第二十二章 勇气赊账

陈远舟的事过去五天了。

恐惧网络基本平息。苏婉每天给我发消息,告诉我节点的数量——昨天是7个,今天是5个,明天可能更少。

听风斋恢复了日常。早上开门,擦柜台,整理博古架,浇花。下午泡茶,等客人。晚上关门,上楼,躺下,闭眼。

但我知道,平静不会持续太久。

听风斋的门,永远在为需要它的人开着。

第六天下午,门被推开了。

进来的是个年轻女人,二十五六岁,穿着灰色的职业装,头发扎成马尾,脸上化着淡妆。她看起来很干练,像那种在公司里能做到主管的人。

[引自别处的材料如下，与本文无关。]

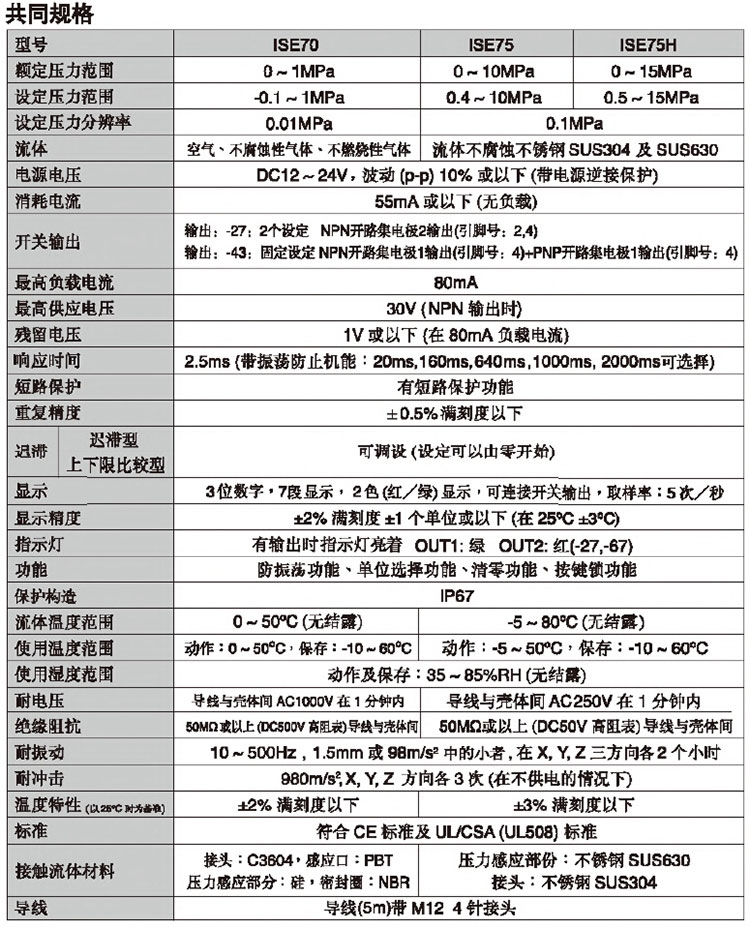 105652/ISE75-02-27-S/ISE70/75/75H系列高压用2色显示数字式压力开关

但她很憔悴。眼睛下面有青黑,嘴唇干裂,手指在微微发抖。

“请问,这里是……听风斋吗?”她声音很小,像怕被人听见。

“是。请坐。喝茶吗?”

“不……不喝了。我……我是来交易的。”

我在柜台后坐下,示意她也坐。她犹豫了一下,在八仙桌旁坐下,双手放在膝盖上,手指绞在一起。

“您想交易什么?”

“我想……我想让我男朋友回到我身边。”

我看着她的眼睛。她的眼神很复杂——有渴望,有恐惧,还有一丝……愧疚?

“能具体说说吗?”

“我们在一起五年了。从大学到现在。他对我很好,特别好。但我……我做了对不起他的事。我跟别人……好了三个月。他发现了,要分手。我求了他一个月,他不肯回头。”

她低下头,声音开始发抖。

“我想让他回到我身边。忘了我做过的事。重新开始。什么代价我都愿意付。”

就在她说完的瞬间,她头顶上方,空气扭曲了。一行字浮现:

【代价:对“爱情”的感知能力。永久。】

我看着那行字,心里算了一下。

对“爱情”的感知能力。这意味着,交易完成后,她再也感受不到“爱”了。她能让男朋友回到身边,但她不会爱他。她会像看一个陌生人一样看着他,知道他应该是“男朋友”,但心里没有任何感觉。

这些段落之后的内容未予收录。